Each data item that plays even a minor role in your migration can add significant time and cost to a project regardless of technology sophistication.

If you are following best-practice you will need to understand, profile and document attribute structures, content and relationships to gauge their fitness for migration for example and that’s before you have even coded any transformations or validated the migrated data.

Issues with the data invariably require pre-migration cleanse, pre-migration monitoring and even manual activities to get that seemingly innocuous attribute or record of information fit for migration.

But the problem is worse than that for some organisations.

Their project is slipping, time is running out so they take a chance hoping the data will get through. If it’s a bit “dirty”, “we’ll fix it in the target” won’t we?

No, you won’t.

Just because data is fit enough to support the old world does not mean it will support the new world and its new business services. One-touch automation, SOA, federated architectures, real-time warehousing – the list goes on.

And so will your migration if you do not prune your data effectively.

The new breed of system applications are less forgiving than those old legacy systems that allowed field overloading and free-form text.

So now you’re even further behind in the project and your daily migration fallout rate is rising steadily and you can’t cope with the defect backlog.

So what’s the lesson?

Introducing The “Data Gate” Review

Create a data gate review on day 1.

This assumes that no data, nothing, absolutely zero, is valid for migration.

Start with a blank sheet of paper.

Start to identify some the key business objects from a conceptual view before you even touch a database. Create a model of key business data areas such as “customer”, “equipment”, “service”, “product” and model their relationships.

Drill deeper into this model and create a logical model for both legacy and target worlds. This will help analyse the gaps between legacy and target models, all this before you have even touched a database.

It is also time to explore the business processes to understand exactly what will be required of the new system.

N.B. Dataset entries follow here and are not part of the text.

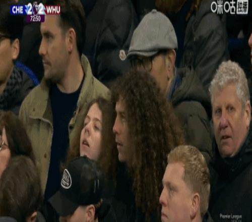 第74分鐘,略顯喜感,看臺球迷留著庫庫雷利亞同款發型
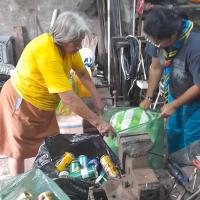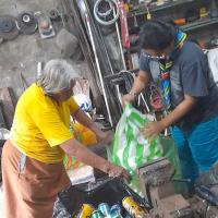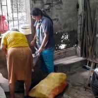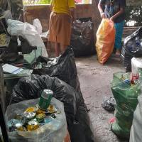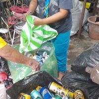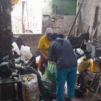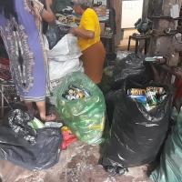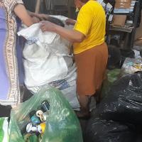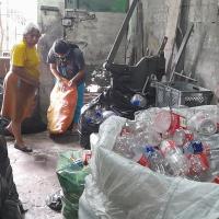 En casa realizamos el reciclaje y reúno los que son botellas de gaseosa y tapitas plásticas mas o menos hasta llenar todo una habitación (mi bodega) ya juntada por varios meses procedo a buscar un lugar donde compren este material y lo vendo al mismo tiempo hago lo mismo con papel plástico grueso, y aluminio
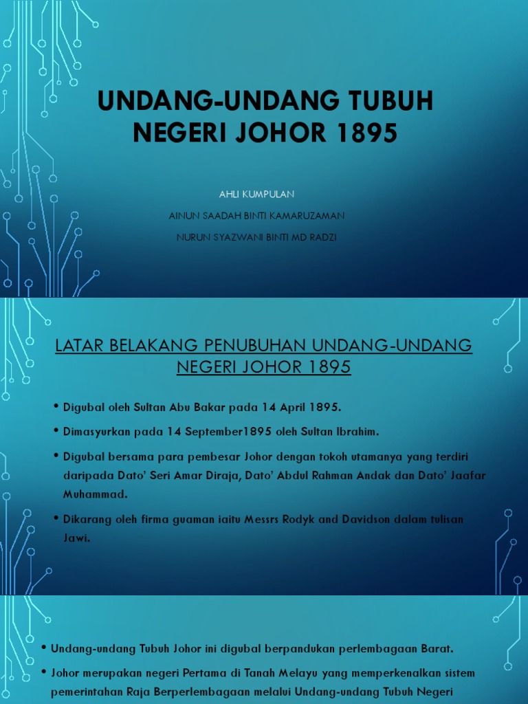 Johor lulus pindaan calon 18 tahun bertanding pilihan raya. The procedures for the selection and coronation of the Sultan of Johor as well as the succession procedures. I Undang-undang Tubuh Kerajaan Johor pada 14 april 1895 Sultan Abu Bakar memasyhurkan perlembagaan negeri yang dikenali sebagai Undang-Undang Tubuh Kerajaan Johor pengenalan undang-undang ini menjadikan Johor sebagai negeri Melayu pertama yang mengamalkan sistem raja berperlembagaan dan mempunyai.
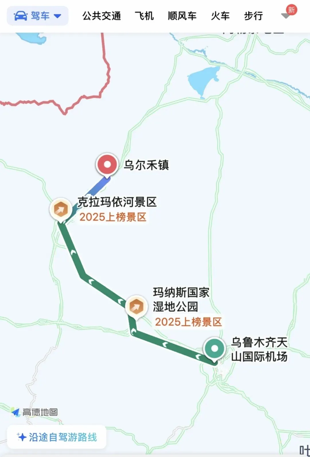 我们这次是直接航班落地到克拉玛依,然后到乌尔禾景区,如果想来自驾游的话,不建议大家直接从出发地开车,太远了,基本都好几千公里。我建议大家可以直飞到乌鲁木齐,落地乌鲁木齐天山机场,然后开上咱们吉利中国星车型,一路自驾到乌尔禾,距离400多公里,沿路也有很多景点可以看看。
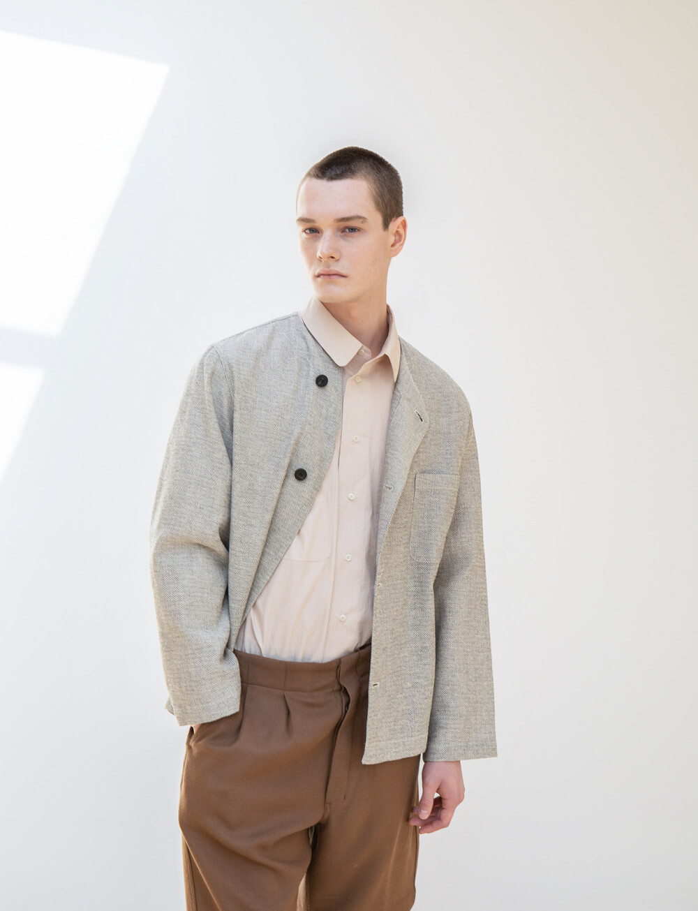 홑겹 자켓인 데다가 가벼운 원단 특성이 어우러져, 걸쳤지만 걸치지 않은 듯한 무게감을 선사합니다.

Will there be greater pressure on the legacy data to have greater accuracy and integrity than previously? What wondrous new functions and processes are required in the new legacy app? These need to be validated against what the legacy data can reasonably support. (Remember those free-form text fields!)

Many companies have fallen foul of omitting this stage but it is a crucial one.

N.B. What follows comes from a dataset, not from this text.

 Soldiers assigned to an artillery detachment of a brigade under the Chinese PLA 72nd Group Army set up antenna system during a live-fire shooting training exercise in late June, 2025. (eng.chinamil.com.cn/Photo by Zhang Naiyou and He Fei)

The old data may be accurate and correct, pass all profiling tests yet still fail to be fit for purpose if that new supply chain system requires the legacy objects to be bound by relationships or structures that are simply not achievable.

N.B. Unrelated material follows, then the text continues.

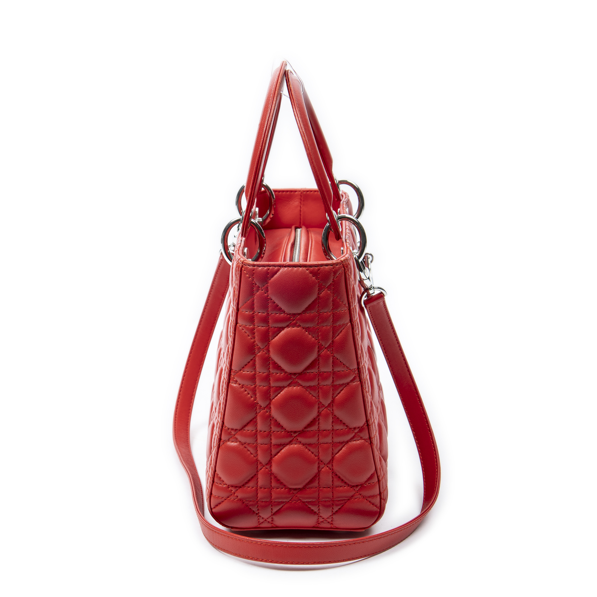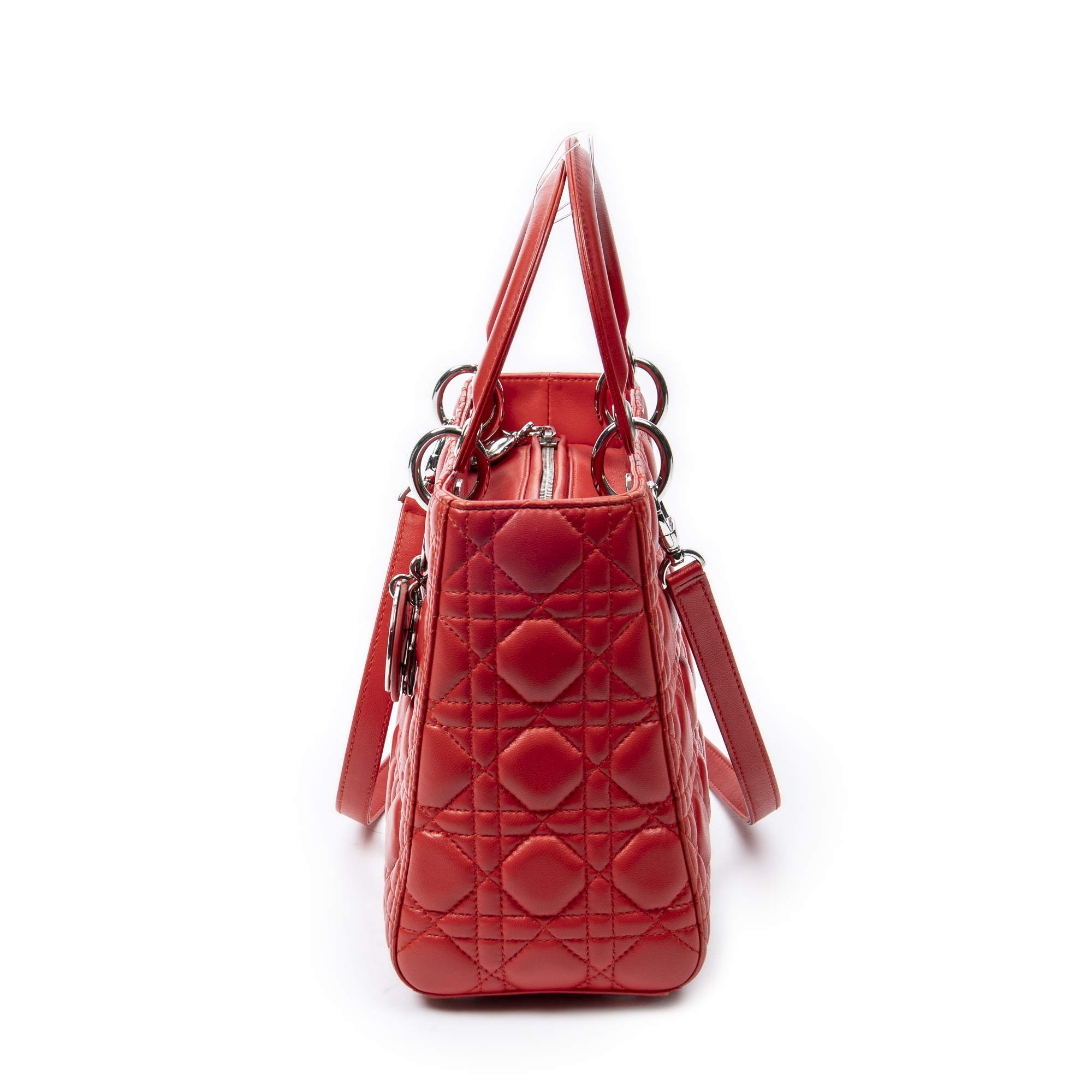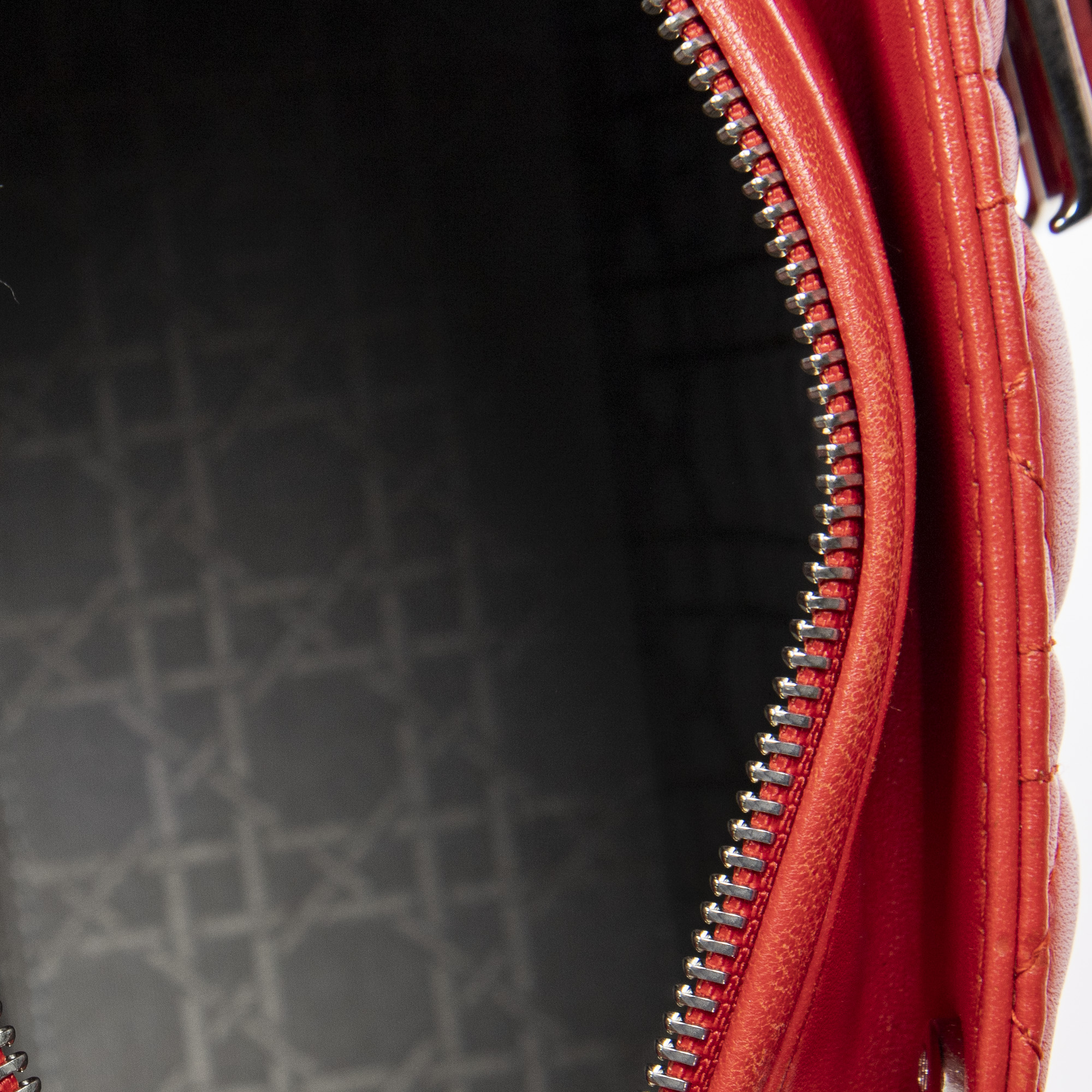 Dior sac à bandoulière Medium Lady Dior Zip en Red et argent. Le produit est en Excellent état (A).

Simulate your data migration (look before you leap)

Now it’s time to roll out your data profiling, data quality improvement, model re-engineering and business intelligence tools.

Many people misunderstand the role of tools. They are not just required to audit legacy data and find metadata but to simulate the data migration.

They will ensure, without you having to build the migration platform, whether your data is capable of migration. Never assume that your data can actually be migrated and never wait until you move into migration coding to find out.

Profile your datastores and find the physical entities and relationships that have some relation to the higher-level business objects and business data areas that you have previously modeled.

Remember Data pruning does not mean you have to ignore important datasets.

For example, do not be afraid to provide an amnesty for all those hidden spreadsheets that the engineering team still use because you know deep down they always preferred Excel to the old inventory system!

Spot the obvious entities that should be in scope and then profile in greater detail to find what object attributes and records really are critical to your migration. Focus on the natural, primary and foreign keys first – the building blocks of data migration.

Now re-engineer the physical schemas and derive logical models so you can validate against your earlier logical models as a reality check.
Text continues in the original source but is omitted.